Wonder who or what is wrapped up in the tarp??
That was one tall Mother-in-Law.
Possibly a well used 1918 non starter T. The carrier for the "body" is attached and does not seem to be a temporary unit. There are two folding chairs( ?) behind the "body"
Look at the doggy !!!
Nah, I say a tarp or tent. Everyone is looking too happy unless......
The folks are fixing to go camping. They have some wooden folding chairs stuffed behind the tent.
I have to say that's the first Model T pic that shows some homemade wood slat luggage and etc carriers!
Looks like the dog is going along too.
I don't know! The look on that dogs face is suggesting a fairly strong odor coming out of that "tent". I guess I'd rather see them haul her that way then wrapped up and sitting in the "mother-in-law" seat.
Darrel, I figured, based on the gas cowl lights, the two man top, vertical windshield and 5 piece quarters/rear body section it was a non-electric car somewhere between '17 to '22. What clue leads you to think it's a '18?
What a great photo.....love the dog and the kids.
Looks like it has round felloes and uneven windshield hinges, thus I think it could have been between late '17 (the hinges) and sometime in '18 (the felloes)?
The original " Family Vacation " film.
This is a publicity still.
That is Imogene Coca as Aunt Edna wrapped up
on the floorboard - she was a little bit younger
in this original film .....
Florida Freighter Jim
Thank you Roger. That's today's lesson in Ford Model T identification.
The wood wheels look early. I would have to look up the changes in the spokes and fellows in the T book. It is the wheels that make me think 17-19.
Probably an 1918.
The felloes were changed to “square” instead of
being rounded, apparently in late 1917 or early 1918
according to a letter dated April 16, 1918 at the Ford
The wooden felloes were no longer rounded between
the spokes (the so-called “square felloe” wheels).
Initially, apparently, the felloe was truly “square” but the
edges were given a 1/16” radius after a short time
The metal bows are oval and those were last used in 1917.
By the look on the kid's face above the dog, I would say it is a funeral procession for the Grandma.
I think they did ol grandma in so they could collect the insurance and get a car with the complete hood, new top, proper luggage rack. They told the little guy in the back seat who is frowning that if he wasn't good they pin it on him or he would join grandma.
To go camping they take the crappy ol' touring (obviously).
Who's gonna make sure no one steals the nicer car in the rear of the photo?
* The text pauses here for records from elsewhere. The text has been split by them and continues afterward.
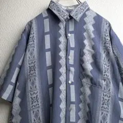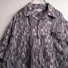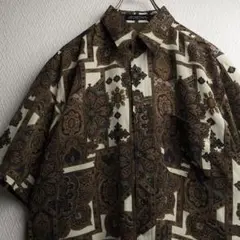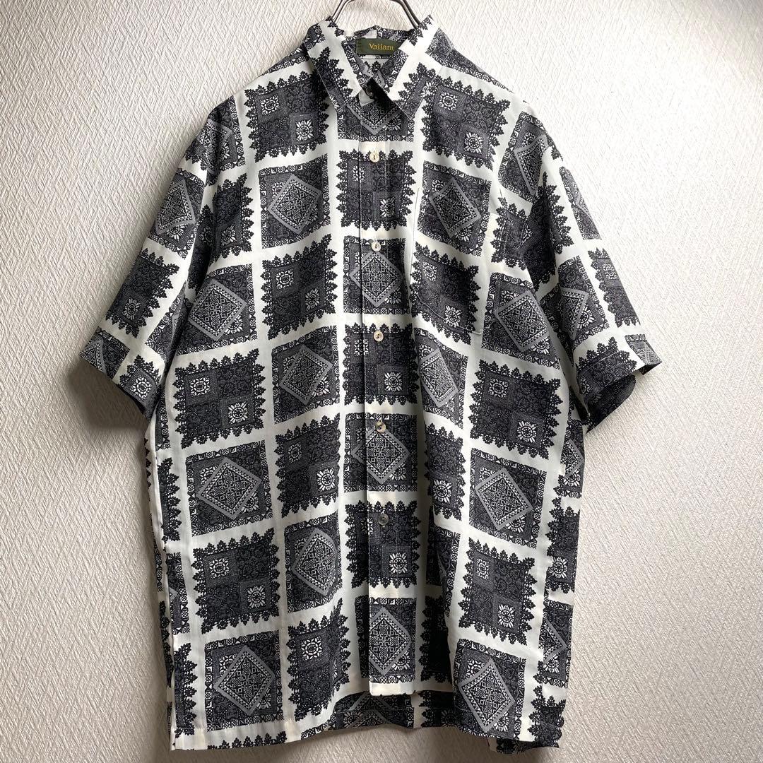 古着 レトロ シャツ 総柄 柄シャツ ガラシャツ 半袖 ブラック ホワイト
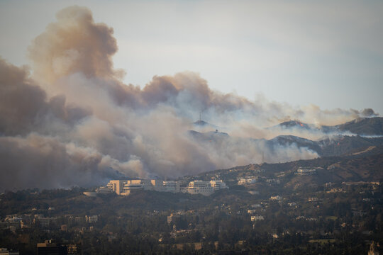 Wildfire in Pacific Palisades, Los Angeles, January 8, 2025, towards Getty Center and Brentwood. Images showcase dense smoke clouds, burning hillsides, and urban areas at risk. 2pm - 3pm.
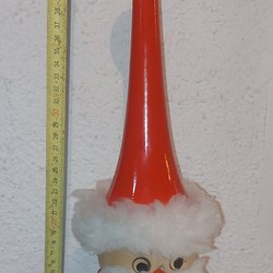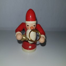 En handgjord trätomte med röd luva och grön jacka. Perfekt som dekoration under julen eller året om.
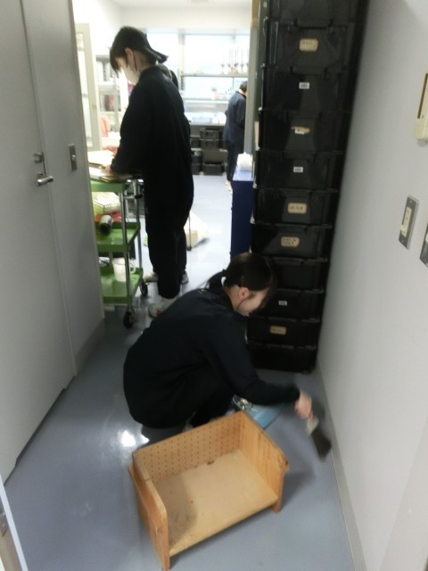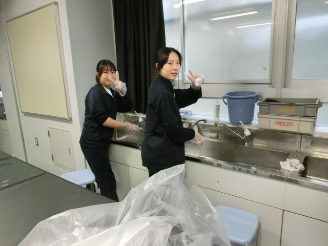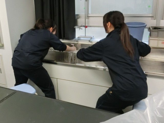 日頃なかなか掃除ができない箇所まで念入りに掃除をする3年生。まさに「隅から隅まで」徹底してきれいにしています。理科室の流しを掃除してくれたふたりは、この画像ではカメラにポーズをとってくれましたが、実は蛇口周りの汚れに相当悪戦苦闘をしていました。その様子は+1を!(菅野)
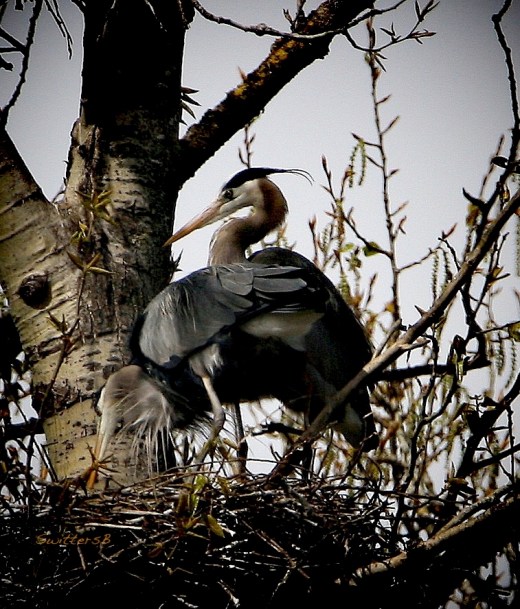 Touch blurry…Great Blue Heron on a nest in the rookery at Sauvie Island, Oregon

Oh, maybe the other car IS the crappy one...
Great pic Steve!
Lots of good data to date the logical time frame the car was produced. First -- our estimates are based on the assumption that the parts have not been changed from the time the car came off the assembly line. It clearly is not a new car -- but assuming the parts used to date the vehicle all came off the same assembly line together I think it is a typical mid-1917 to the time the combination light switch and horn button was introduced with the 1918 model year car.
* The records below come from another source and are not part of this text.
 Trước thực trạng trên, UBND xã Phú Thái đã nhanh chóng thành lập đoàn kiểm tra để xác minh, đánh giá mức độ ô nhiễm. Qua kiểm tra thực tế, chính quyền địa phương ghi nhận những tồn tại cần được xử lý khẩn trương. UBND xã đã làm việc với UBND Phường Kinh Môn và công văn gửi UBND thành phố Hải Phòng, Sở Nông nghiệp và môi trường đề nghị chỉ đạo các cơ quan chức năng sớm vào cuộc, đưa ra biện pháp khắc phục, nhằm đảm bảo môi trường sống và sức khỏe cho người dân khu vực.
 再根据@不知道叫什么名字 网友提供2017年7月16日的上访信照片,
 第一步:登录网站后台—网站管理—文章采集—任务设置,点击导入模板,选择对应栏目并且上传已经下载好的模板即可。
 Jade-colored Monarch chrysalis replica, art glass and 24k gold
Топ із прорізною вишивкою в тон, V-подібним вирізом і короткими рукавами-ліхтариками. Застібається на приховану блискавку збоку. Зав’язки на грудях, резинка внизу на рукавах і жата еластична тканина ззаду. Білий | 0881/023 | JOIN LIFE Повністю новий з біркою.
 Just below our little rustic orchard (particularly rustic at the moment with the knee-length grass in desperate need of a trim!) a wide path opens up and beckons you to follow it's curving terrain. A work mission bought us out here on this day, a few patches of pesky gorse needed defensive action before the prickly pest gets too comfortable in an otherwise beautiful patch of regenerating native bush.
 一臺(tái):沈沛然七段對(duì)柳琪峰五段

Above is a photo of the Rip VanWinkle Jun 1917 Model T Touring. Note it has the same unequal length windshield hinge; windshield to body brackets, round felloe wheels and oval top sockets. It and the car in the original photo both have the horn button mounted on top of the steering column rather than using the combination horn light switch that was introduced early in the 1918 model year. Ref: Hap's memory -- boy that isn't worth much!!!! Both Bruce's on-line encyclopedia and the MTFCI Judging Guidelines 7th edition list the 1918 models with only the combination horn and light switch. The 7th Edition indicates the combination light switch was introduced during 1917 production. But from memory -- not a good enough reference for me -- but I need to run an errand -- I believe that several early 1918 model year cars were documented as having the horn switch on top of the steering column. Hopefully someone will post those links or later this weekend I can find them.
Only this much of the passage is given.